Sixty-four percent of respondents said Mr. Bloomberg’s tenure was “mainly a success” and disapproved of the criticism the former mayor suffered at Mayor Bill de Blasio’s inauguration earlier this month.
“Mayor Mike leaves City Hall with good marks. Two thirds of New Yorkers think his 12-year term was a success, that he made New York a better city,” said Maurice Carroll, director of the Quinnipiac University Polling Institute. “They think – across party, racial and gender lines – that the Inauguration Day criticism of the outgoing mayor was bad manners.”

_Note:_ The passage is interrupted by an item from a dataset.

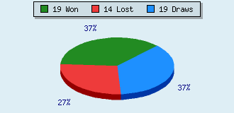 0 games running 52 games finished 19 games won: 4 by mate 12 by resign 3 by timeout 14 games lost: 0 by mate 10 by resign 4 by timeout (= 7.7% ZÜ-Quote) 19 games drawn

The polls sheds even more light on the complexity of the opinions New Yorkers have about Mr. Bloomberg. While Mr. de Blasio succeeded overwhelmingly by repeatedly bashing Mr. Bloomberg for the income inequality that increased during his 12 years in office, voters remain appreciative of Mr. Bloomberg’s efforts. Seventy-eight percent of Republicans and 62 percent of Democrats rated Mr. Bloomberg favorably.
Furthermore, 61 percent of respondents agreed that the tone of Mr. de Blasio’s inauguration was “inappropriate.” Multiple speakers at Mr. de Blasio’s inauguration, including Public Advocate Tish James and civil rights activist and singer Harry Belafonte, bluntly hammered away at Mr. Bloomberg’s legacy as the former mayor sat feet away, stone-faced. At the time, many observers were surprised that the rhetoric was departure from the generally genteel words offered at previous inaugurations.
Still, the poll found some bad news for Mr. Bloomberg. Only 37 percent said the former mayor “made their lives better”; 37 percent said he had no effect and 21 percent said he made their lives worse. Certain initiatives, like Mr. Bloomberg’s attempt to ban large-sized sodas and expand bike lanes, aren’t terribly popular, either. Fifty-seven percent of respondents don’t want Mr. de Blasio to pursue the soda ban and 50 percent don’t want bike lanes expanded.
“New York City voters to Mayor Bill de Blasio: Don’t try to peddle any more Bloomberg bike lanes,” Mr. Carroll said. “And let us enjoy our big sodas, voters say.”